The week is tough for The U.S. stock market as this period has been one of the most depressed in form of corporate earnings. Investors are not ready to look at market though Federal Reserve is trying its best as investors has forsaken $44 billion worth of stocks for the past five weeks. Still the analysts have hope in the market. 

  The Dow jones Industrial average, the Nasdaq Composite COMP. the S&P 500 – all of them were down when last week ended while the first and the last for third consecutive week and the middle for fourth.

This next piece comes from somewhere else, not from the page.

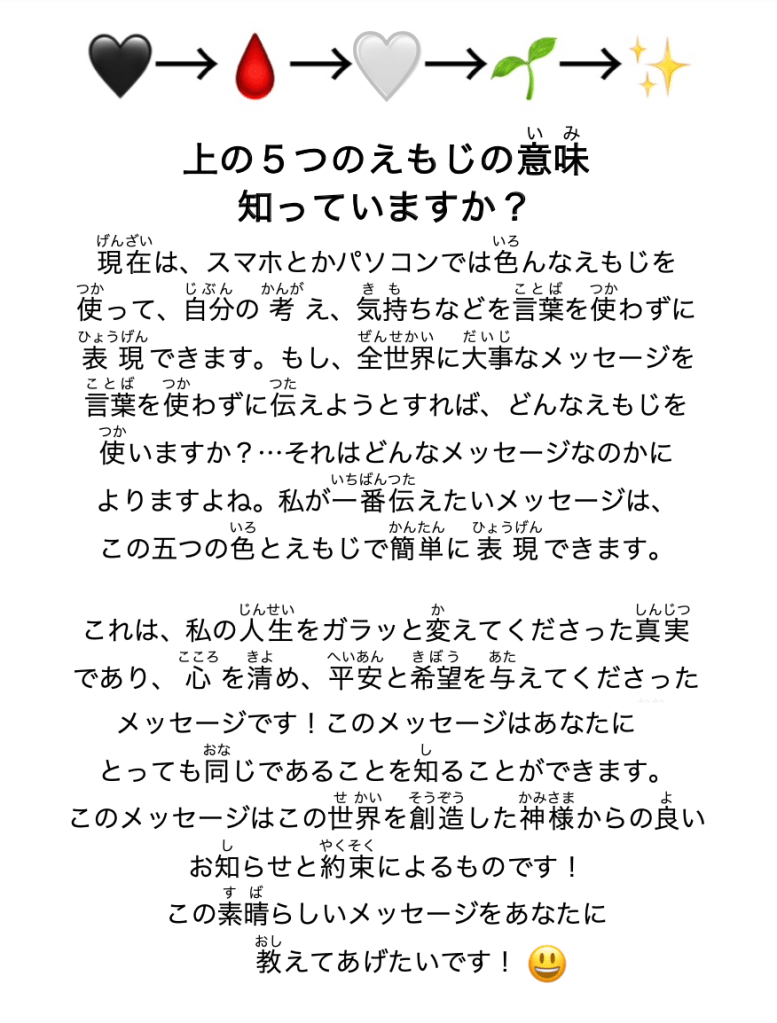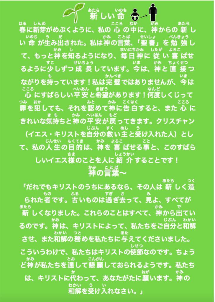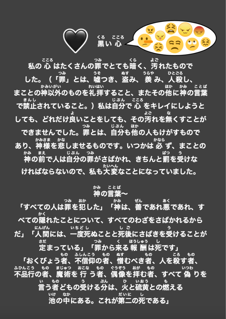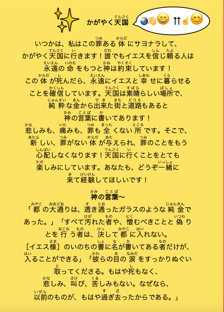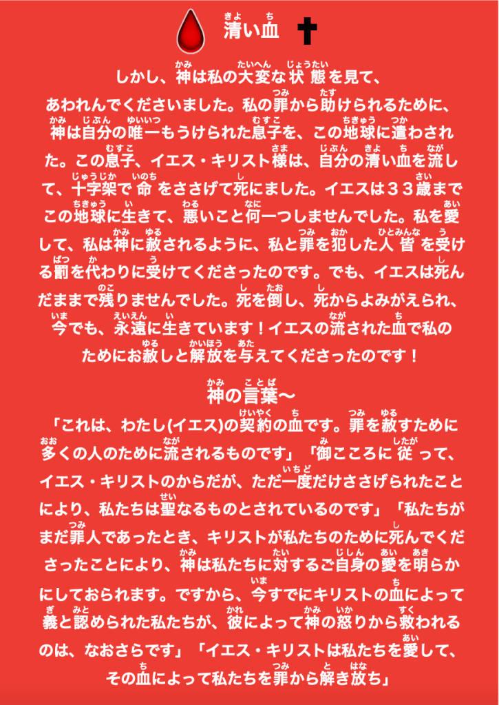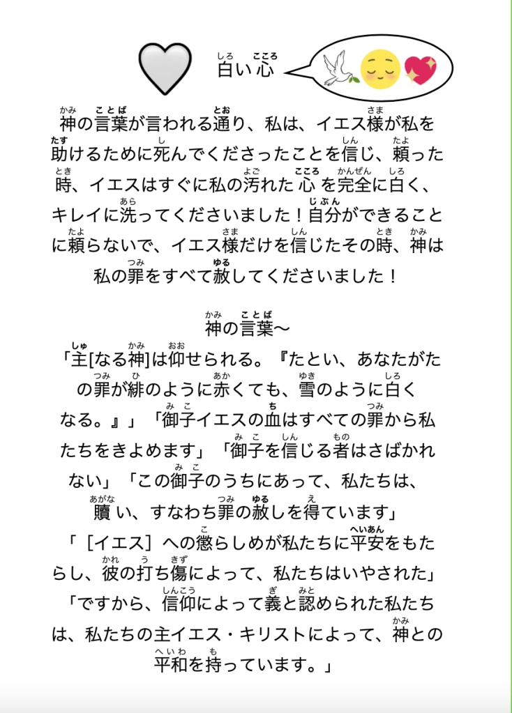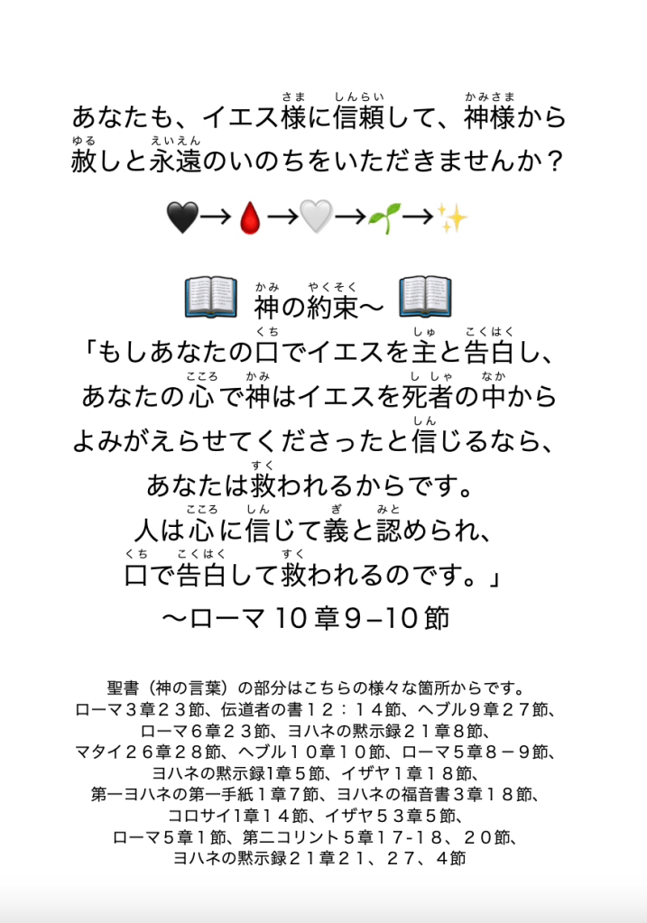 聖書に従うキリスト信者は、何を信じているのでしょうか⁉️🧐 世界をすべて創造したのは唯一神であって、すべての人は不信仰と不従順により唯一神から離れ、これによって一人一人は死後に正しいさばきと罰(地獄で)を受けなければならないと信じています。けれども、聖書に示されている、人々への神の愛と人々を救うご計画にしたがって、世に遣わされた神の息子イエス・キリストにより、人は神のさばきから救われる方法があると信じています。イエス・キリストは苦しみながら、十字架で命をささげ、ご自分の血で人の違反の代価を支払ったことで、人を神に和解させる力があると信じています。人は誰であっても、自分勝手な生き方(罪)を悔い改めて、イエス・キリストを自分の主として信じ受けるのなら、神のさばきから救われ、神の恵みとあわれみによりゆるしと永遠の命(天国で)を得ると信じています。 このパンフレットには、目が引かれるような絵文字メッセージが ちょこちょこ出ます。フリガナもあり、内容も理解しやすく、 大人も子ども向けの年中お使えができるパンフレットとして おすすめします。 印刷すると、パンフレットの一番後ろは余白ページです。 ぜひ、主の導きがあれば、個人のメッセージや通っている教会のお名前と お問合せ先などを入れるページとしてお使いください。

  This loss did not put Jeffrey Saut, chief investment strategist at Raymond James down as he still predicts that buying interest will recover soon. He quoted “We are in the process of making a meaningful low.” 

  Earnings:

  71% out of 90% of S&P 500 companies have shown better earnings in first-quarter earnings, which may be due to fewer expectations than performance enhancement. 

  There will be clarity if the weakness  is due to upscale brands like Macy’s Inc. M, +0.03%  and Nordstrom Inc. JWN, -13.42% . Analysts measured by FactSet believe Price competitive retailers like Wal Mart to report earnings of 88 cents a share on revenue of $113.1 billion.

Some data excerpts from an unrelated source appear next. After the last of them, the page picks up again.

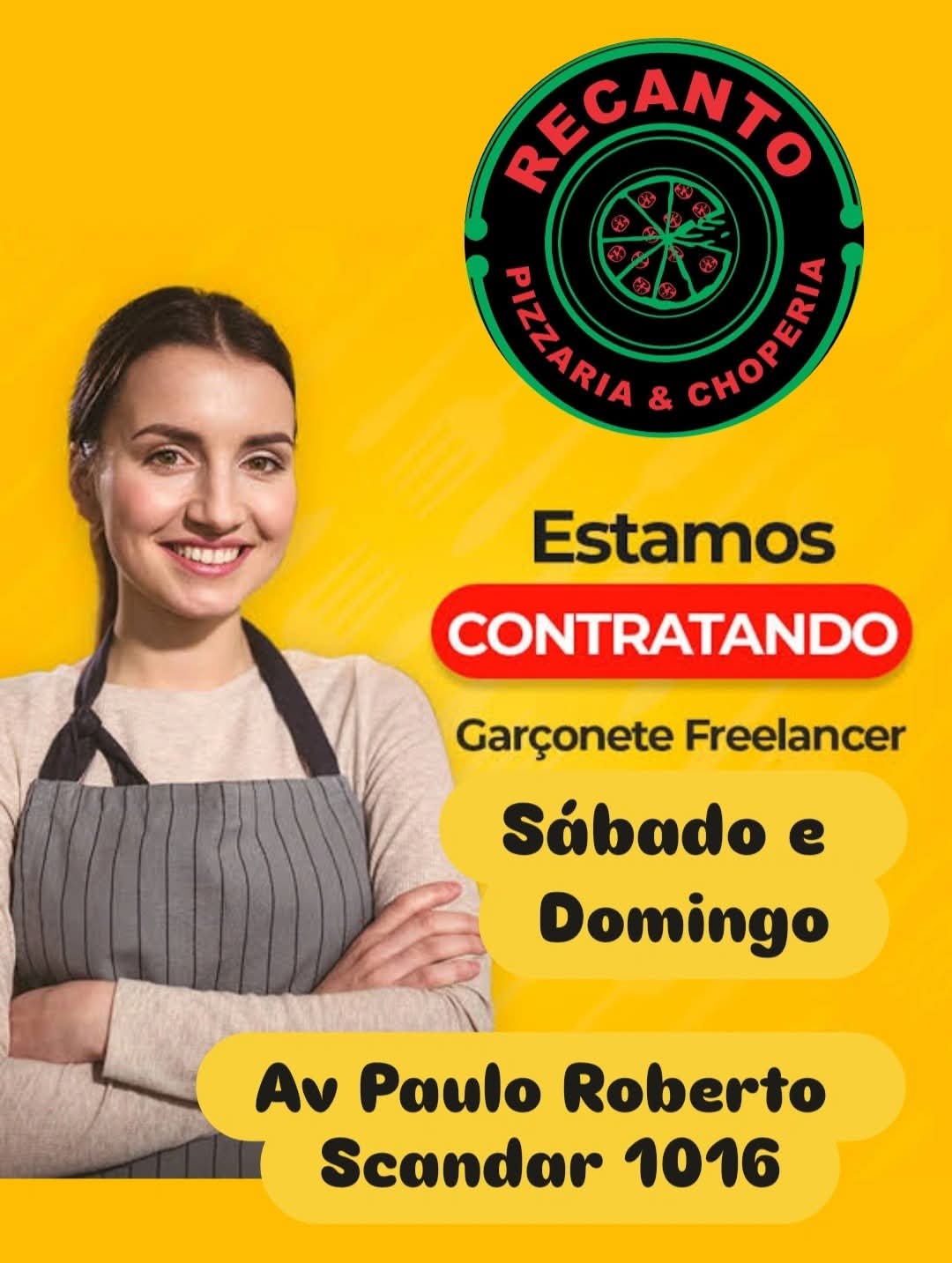 A Recanto Pizzaria & Choperia, tradicional estabelecimento gastronômico de Taquaritinga, anunciou a abertura de uma vaga para garçonete freelancer. A contratação é voltada para atuação aos sábados e domingos, com o objetivo de reforçar a equipe durante os dias de maior movimento na casa.
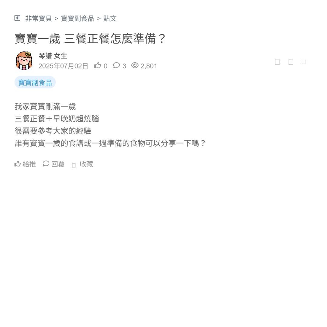 欸大家,小寶寶已經滿一歲了,我家寶寶一天只吃兩次正餐(不含奶),這樣會不會太少啊? 我發現每次都要很費心思準備餐點,但有時候他吃得不多,會擔心他是不...
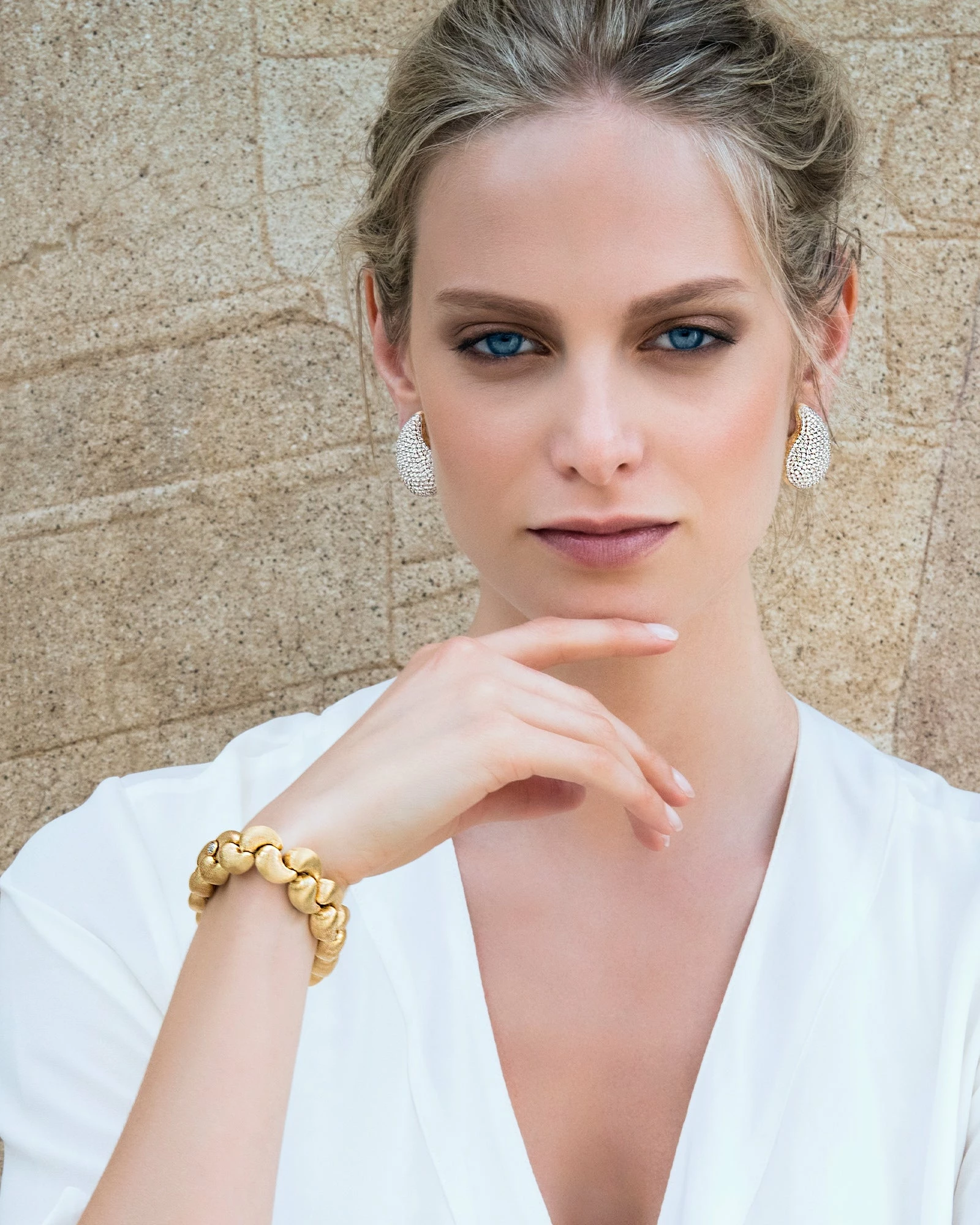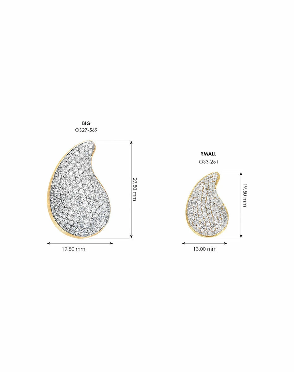 Paisley, a motif with very ancient origins and much loved by Laura, becomes bold and sensual at the same time in these 18kt gold earrings covered with diamonds.

  Some other retailers about to release earnings are Home Depot Inc. HD, -0.79% Lowe’s Cos. LOW, -0.52% Staples Inc. SPLS, +0.85% and Target Corp. TGT, -2.28%

  Economic Data:

  Economists are cautioning that quick rise will be a harbinger of a forthcoming Fed rate trek. 

  The arrival of Industrial yield and limit usage information for April on Tuesday will permit financial specialists a further look into the soundness of the U.S. fabricating segment while the jobless information on Thursday will likewise be investigated.

  The Federal Reserve:

  Though the Chairman of Fed Reserve Janet Yellen had not promised anything about rate decision, many Fed officials have recommended a hike in interest rate with the recovery of economy. 

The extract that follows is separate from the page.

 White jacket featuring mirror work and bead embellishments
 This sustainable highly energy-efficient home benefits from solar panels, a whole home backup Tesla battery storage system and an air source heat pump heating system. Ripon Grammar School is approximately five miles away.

  As per said Joseph Lavorgna, chief U.S. economist at Deutsche Bank “The April FOMC minutes, released on Wednesday afternoon, are likely to strike a more balanced tone than the dovish meeting statement. This is because various FOMC participants have made comments over the past several weeks emphasizing policy flexibility and the Fed’s expectation that output growth will rebound after a soft first quarter.

  Crude oil:

  It’s both a boon and a bane for the US market whatever happens to the crude oil price as it depends on who is going to purchase. Still the stock prices depend on the crude oil price and oil prices may get a hike soon. One barrel of oil priced at $ 46.21 after a fall in the New York Mercantile Exchange.

  U.S. Dollar:

  There is a prediction by Bank of America Merrill Lynch that US Dollar rally will continue which will have a big impact on the stocks as US goods will start costing more in other countries which will be a drawback for the multinational companies.